Who wields “real power”?

The Minister for Law and Home Affairs, Mr K Shanmugam, has asked if Singaporeans want a President to have the “real power” to say no the Government on issues pertaining to the President’s mandate.[12] Should the recommendation of the Commission to accord “greater weight” to the CPA be incorporated into our Constitution, it begs the question whether the democratically elected President truly wields “real power”, or does so solely at the concurrence and unwavering support of his appointed advisors.


The writer is a third-year LLB undergraduate from the School of Law, SMU. Apart from being a coffee addict, he is also the Professional and Academic Development Director of the SMU Law Society. He is grateful for the kind assistance of Assistant Professor Jack Lee. Responsibility for all mistakes remains with the writer.

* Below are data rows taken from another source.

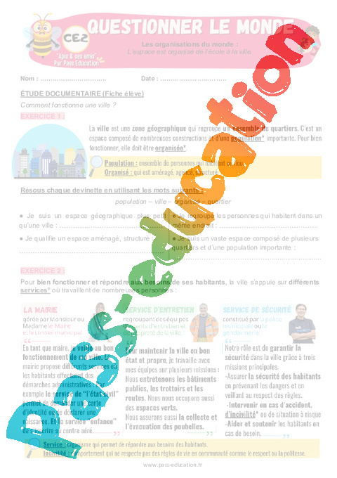 4 Fiche Elève : Primaire 3 L’espace est organisé de l’école à la ville pdf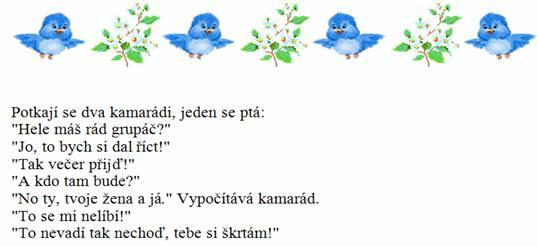 Pan učitel mu na konci hodiny řekne: "Běž, Pepíčku, a kup si kilo rozumu!"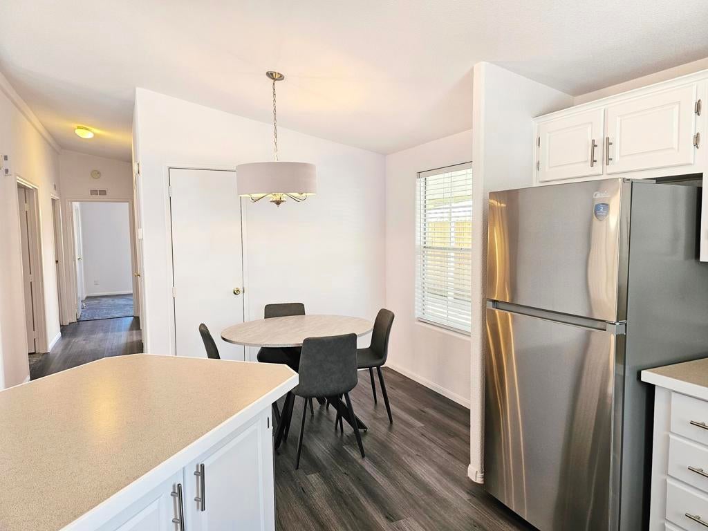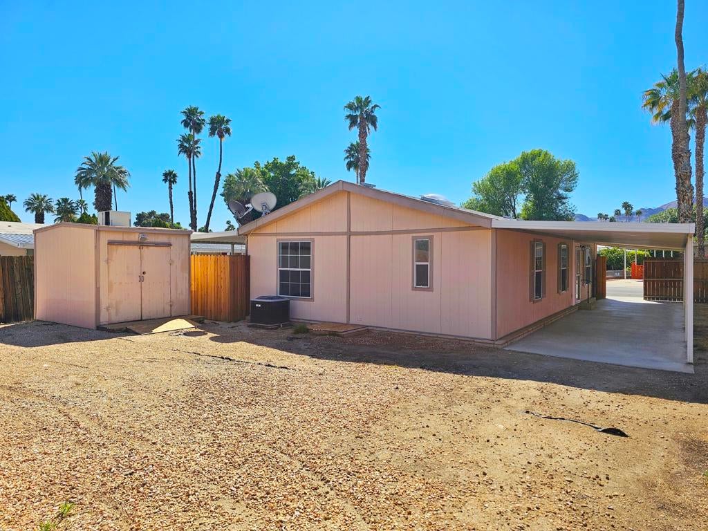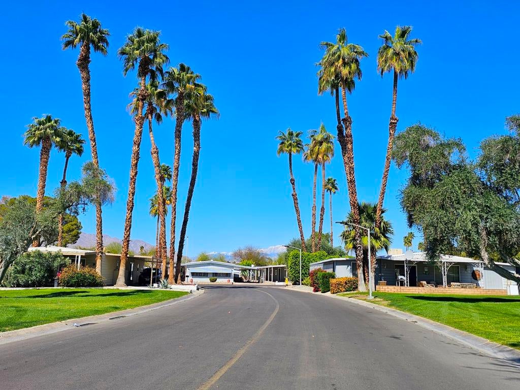 Escape to your own private desert retreat! This beautifully maintained 3-bedroom, 2-bath home (built in 2000) offers the perfect balance of comfort, style, and resort-style living. Light and bright throughout, the open floor plan features vaulted ceilings, smooth drywall interiors, and low-maintenance laminate flooring, creating an inviting, move-in-ready space ideal for full-time living or a sunny seasonal escape.The versatile third bedroom is perfect as a den, guest room, or home office. Both bathrooms are filled with natural light from skylights, with the primary bath offering a walk-in shower for added convenience. Additional highlights include indoor laundry, ceiling fans throughout, and a covered carport accommodating up to three vehicles.Step outside to your private, fully fenced backyard, where stunning mountain views set the scene for morning coffee or evening relaxation. A large storage shed provides ample space for golf clubs, bikes, or hobbies.Located in a vibrant 55+ golf and tennis community, residents enjoy an impressive array of amenities including an 18-hole executive golf course, putting green, five pools, four spas, tennis courts, fitness center, sauna, and an on-site restaurant. All of this is just minutes from shopping, dining, and entertainment.Monthly space rent: $1,450

1    Lee Hsien Loong, “PM Lee Hsien Loong at the Debate on President’s Address on 27 January 2016“, Prime Minister’s Office website (27 January 2016; archived here).
2    Constitution of the Republic of Singapore (1985 Revised Edition, 1999 Reprint), Articles 21, 22(1) and 148A.
3    Constitution, Articles 22(2), 22A(1A) and 148D(1).
4    Having a non-elected body of experts serve as a check on an elected individual is a problem in its own right, but will not be canvassed further here. See Thio Li-ann, A Treatise on Singapore Constitutional Law (Academy Publishing, 2012), pages 409–411.
5    Report of the Constitutional Commission 2016 (Chairman: Chief Justice Sundaresh Menon) (archived here), paragraph 6.40.
6    Report of the Constitutional Commission 2016, paragraph 6.41.
7    Constitution, Article 37J(2B). In the event of an equality of votes, the Chairman shall have a casting vote in addition to his original vote.
8    Report of the Constitutional Commission 2016, paragraph 6.42.
9    Constitution, Article 57(1).
10   “Parliamentary Elections“, Elections Department website (28 April 2016; archived here).
11   See generally the Report of the Constitutional Commission 2016, paragraphs 6.25–6.26 and 6.37.
12   Liyana Othman & Olivia Siong, “Singaporeans Need to Ask if ‘Real Power’ Should be Given to President: Shanmugam“, Channel NewsAsia (9 September 2016; archived here).